In a recent PYMNTS survey, 52% of traditional financial firms considering blockchain and crypto adoptions said unclear regulation was their top concern. That’s something Barnett can confirm.
“The lack of regulatory clarity is one of the reasons that institutions are hesitant to interact with cryptocurrency,” she said, noting that “The transition from an unregulated to a regulated market can be a difficult and sometimes painful one to navigate, for sure, but it’s obviously a necessary step that will bring greater safety to consumers and greater certainty to investors — in particular institutional investors — and helps to facilitate their entry into this space.”
That is happening, Barnett added, saying Chainalysis has “seen an increase in regulatory developments and believe that it is one of the drivers of growing adoption.”
One of the difficulties with this, she said, is that crypto and blockchain are developing so fast that it’s hard for regulators to keep up.
Don’t DeFi Us
The obvious example is decentralized finance, or DeFi, which has popped up fairly recently and is posing new and different questions for regulators, she said. For example, the EU’s new Markets in Crypto Assets (MiCA) law was intended to be a comprehensive legal framework, but the yearslong process forced regulators and legislators to leave DeFi and non-fungible tokens (NFTs) for another set of regulations.
“I feel like regulators make huge strides and then the technology just continues to advance and raises more questions for regulators to grapple with,” she said. “What I do believe to be really helpful is regulators around the world are really taking a deep dive to truly understand the nuances of this technology, in order to come up with thoughtful regulation that will not be outpaced by the next new development.”
What is needed, she said, is a combination of hard and fast rules and a softer regulatory sandbox where companies can experiment under closer supervision, to help “make sure that the regulation is truly applicable and appropriate for this new technology.”
The Two Biggest Questions
Right now in the U.S., the two biggest questions that need answering, Barnett said, are the “lack of clarity” about what makes a cryptocurrency a commodity or a security, and the regulation of DeFi. She noted that fitting the square peg of 14-year-old cryptocurrencies into the round hole of the Supreme Court’s 1946 Howey tests defining a security needs more work.

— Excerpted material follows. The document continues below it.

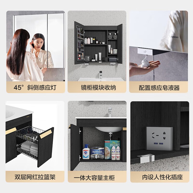 九牧(JOMOO)浴室柜 陶瓷一体盆卫生间智能轻奢悬挂式 金钻黑A2705-11GG-4价格:3449.00元!
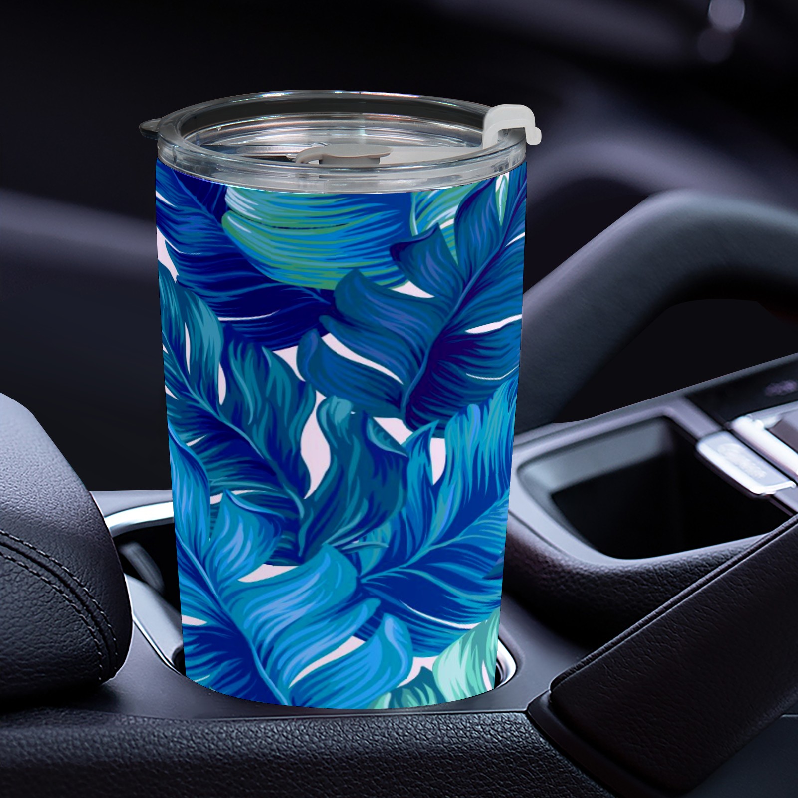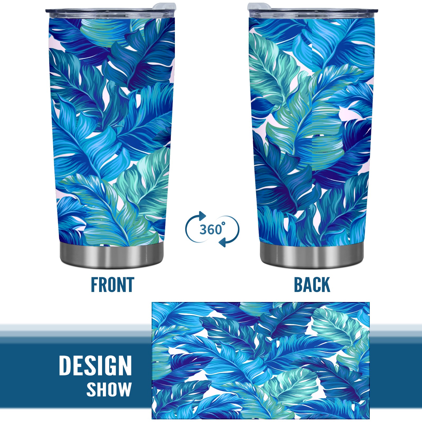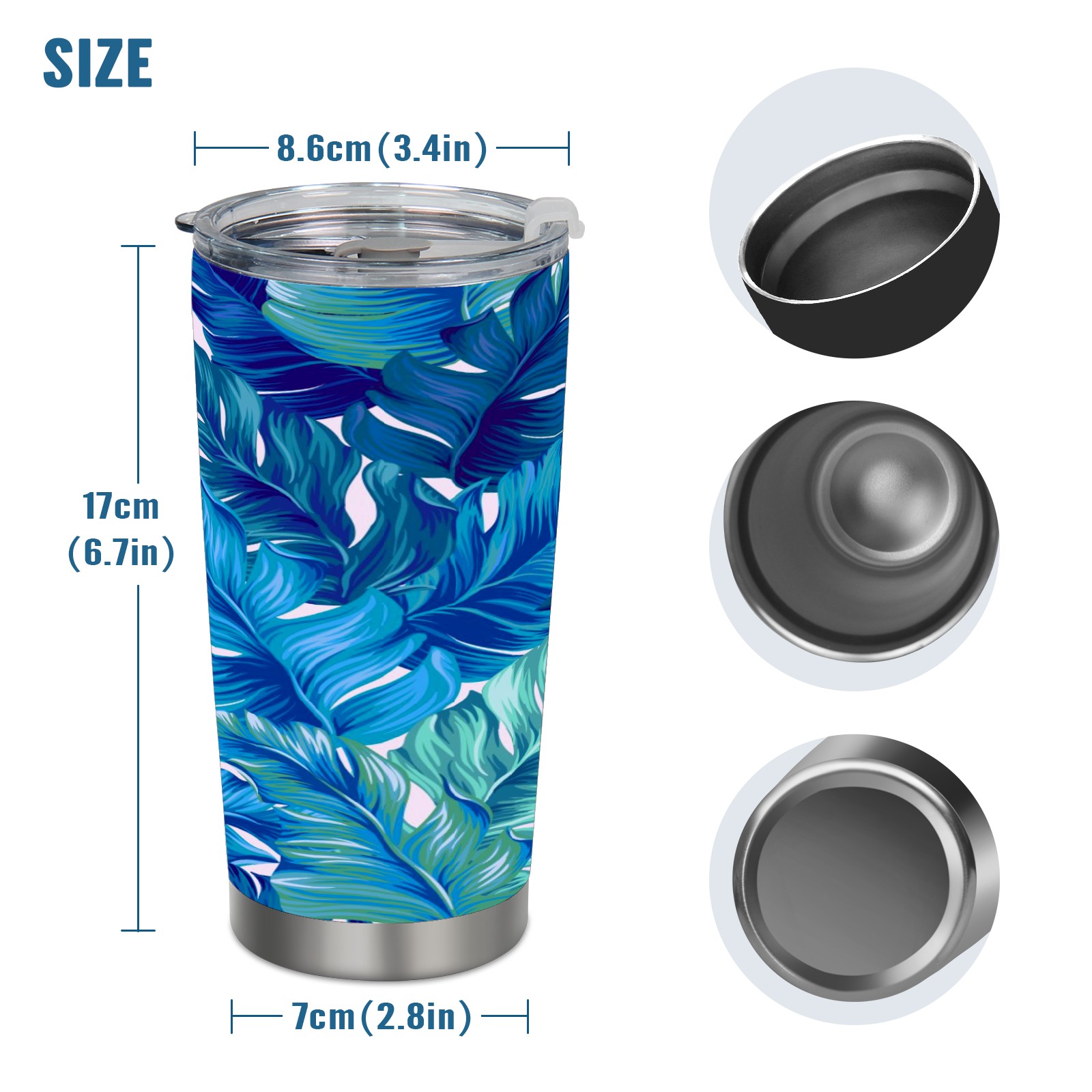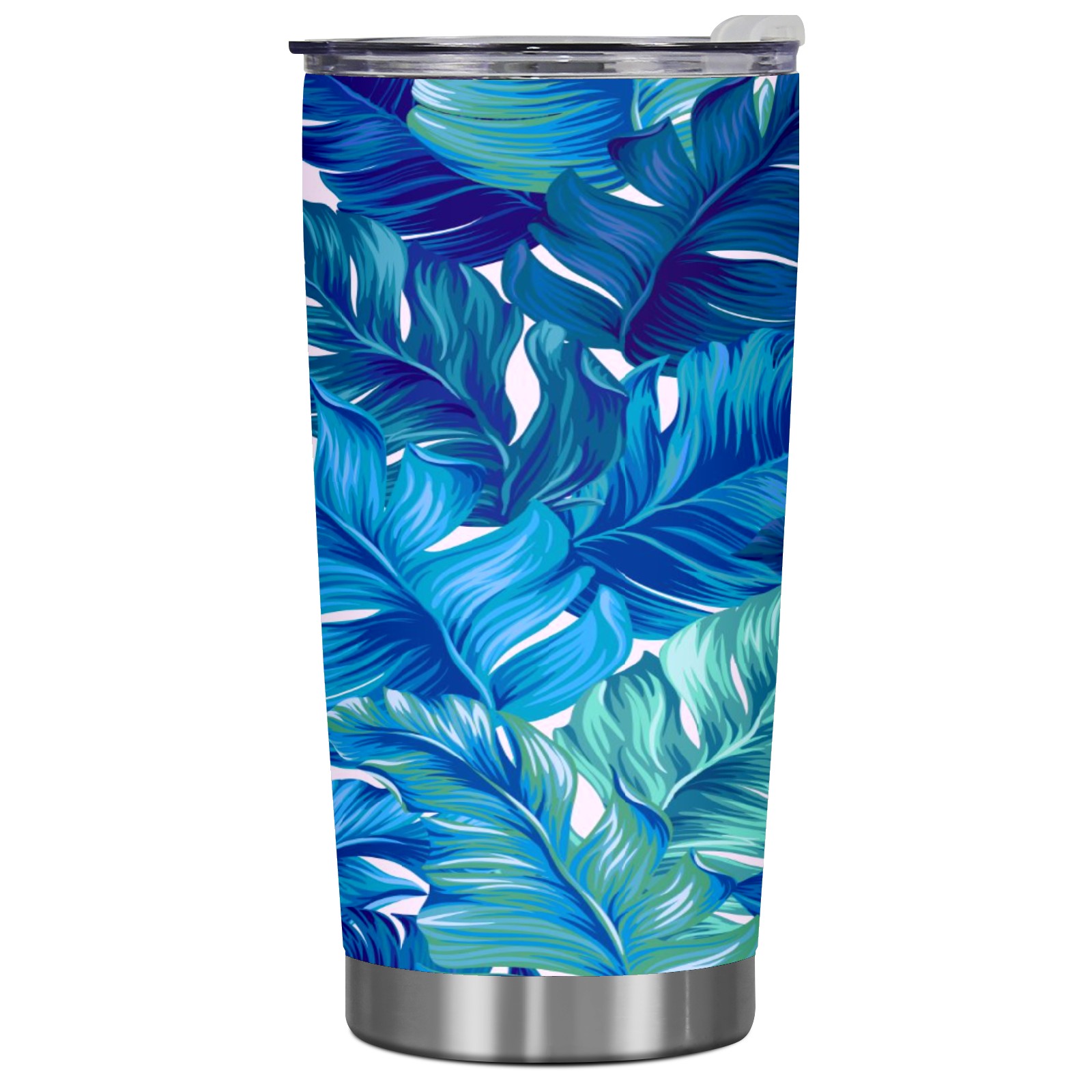 20 oz Tumbler Blue Plant Leaves Stainless Steel Insulated Tumbler with Lid Double Wall Vacuum Insulated Travel Mug Cup for Coffee Ice Hot Drinks

“We’re seeing so much activity there, and I’m having a lot of conversations with different DeFi customers who are trying to understand, do they have any obligations, and if so, what are they,” she said. Cooperation between the industry and regulators could be beneficial in establishing operable rules that wouldn’t curb innovation.
“So I think DeFi is one area that regulators are continuing to work on to try to thoughtfully regulate and understand the different nuances [in the technology — the difference between interfaces and protocols for example] and what [could or could] not be imposed upon these different [components and how that might work].”